A connection between electricity and magnetism had long been suspected, and in 1820 the Danish physicist Hans Christian Orsted showed that an electric current flowing in a wire produces its own magnetic field. Andre-Marie Ampere of France immediately repeated Orsted’s experiments and within weeks was able to express the magnetic forces between current-carrying conductors in a simple and elegant mathematical form. He also demonstrated that a current flowing in a loop of wire produces a magnetic dipole indistinguishable at a distance from that produced by a small permanent magnet; this led Ampere to suggest that magnetism is caused by currents circulating on a molecular scale, an idea remarkably near the modern understanding.
Faraday, in the early 1800’s, showed that a changing electric field produces a magnetic field, and that vice-versa, a changing magnetic field produces an electric current. An electromagnet is an iron core which enhances the magnetic field generated by a current flowing through a coil, was invented by William Sturgeon in England during the mid-1820s. It later became a vital component of both motors and generators.
The unification of electric and magnetic phenomena in a complete mathematical theory was the achievement of the Scottish physicist Maxwell (1850’s).

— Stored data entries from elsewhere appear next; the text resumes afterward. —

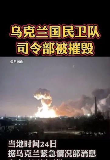 乌克兰国民卫队司令部被炸毁,浓烟密布,火光照亮天际。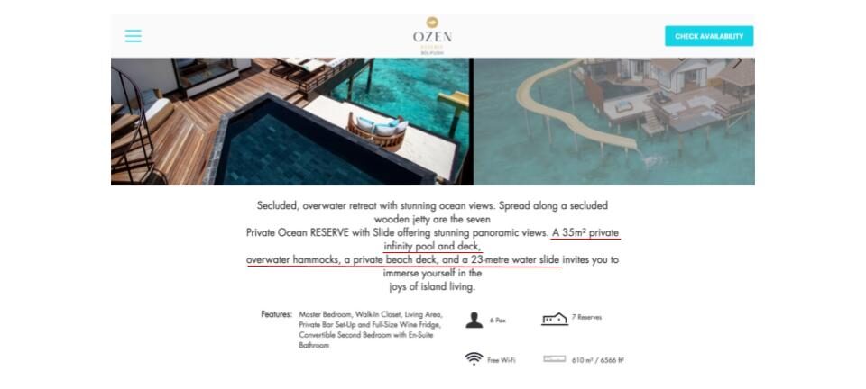 1) The villa, even including outdoor space is not half this size. I actually took the time to measure the outer perimeter of the deck and made some forgiving measurements of the second floor and I don't believe its greater than 3,100 square feet with probably 1,500 of interior square feet. 2) the room is connected by jetty - it is not free standing. We were shocked when we arrived that a golf cart was taking us to out room when we were expecting to have a boat transfer us to the room, and 3) of course as mentioned there is not boat to take you to the room. Over the course of our stay we repeatedly asked for the room measurements and they were never provided. However, after requesting through our travel agent (a whole other story) a partial refund, the hotel changed their website to reflect a 4,521 sqft room. I look now as of writing and its back to 6,566 square feet. We booked the room based on size, exclusivity and the uniqueness of having private boat access and received none of them - and as of yet we do not have a refund. Also, nowhere are you warned when booking that most of the resort views the non-stop-smoldering Male landfill ( research Thilafushi ). It's an environmental nightmare. We had multiple issues and because of the dishonesty I simply cannot recommend Ozen Reserve Bolifushi. My travel agent should have screened this properly but, unfortunately they didn't and that's another story. I will say one good thing, the water sports staff were great as were most of the restaurant staff. Lastly, and this is just informational, it felt to my wife and me that the resort caters mostly to Russian guests.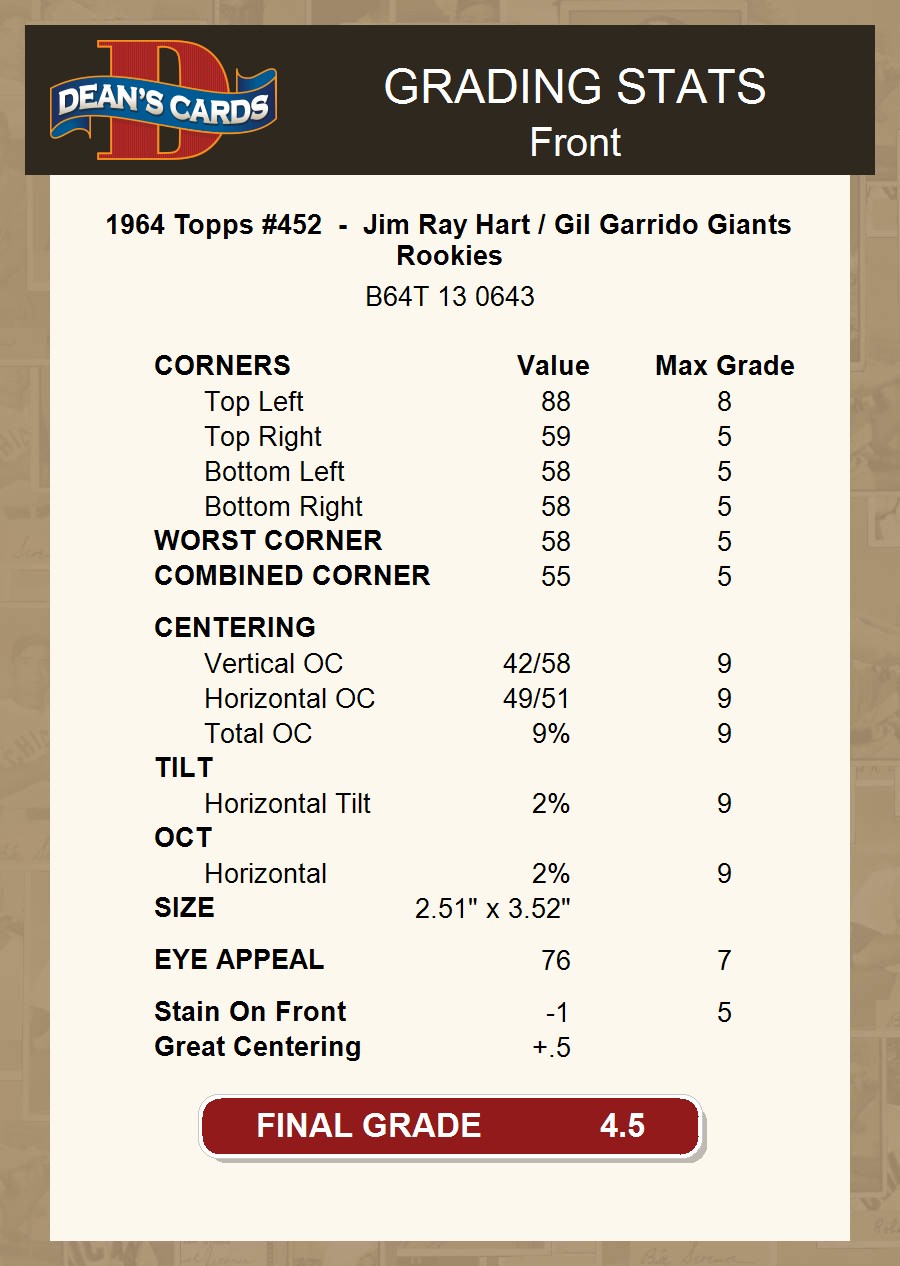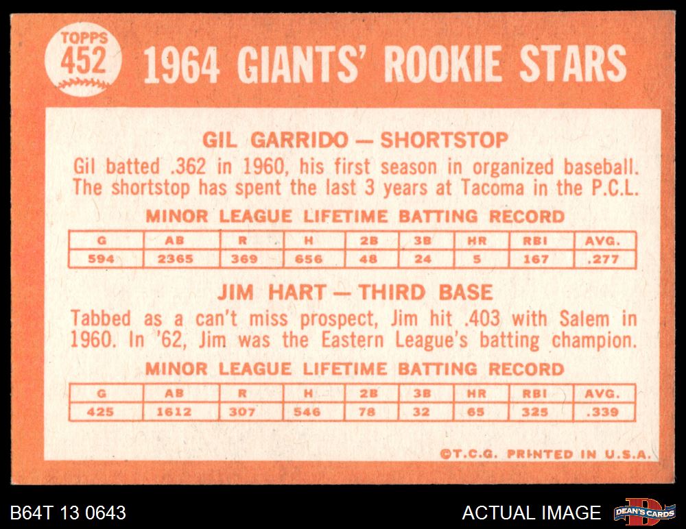 1964 Topps #452 - Jim Ray Hart / Gil Garrido Giants Rookies 4.5 - VG/EX+

In a set of four elegant equations, Maxwell formalized the relationship between electric and magnetic fields. In addition, he showed that a linear magnetic and electric field can be self-reinforcing and must move at a particular velocity, the speed of light. Thus, he concluded that light is energy carried in the form of opposite but supporting electric and magnetic fields in the shape of waves, i.e. self-propagating electromagnetic waves.
In doing this, Maxwell moved physics to a new realm of understanding. By using field theory as the core to electromagnetism, we have moved beyond a Newtonian worldview where objects change by direct contact and into a theory that uses invisible fields. This introduces a type of understanding which can only be described with a type of mathematics that cannot be directly translated into language. In other words, scientists where restricted in talking about electromagnetic phenomenon strictly through the use of a new type of language, one of pure math.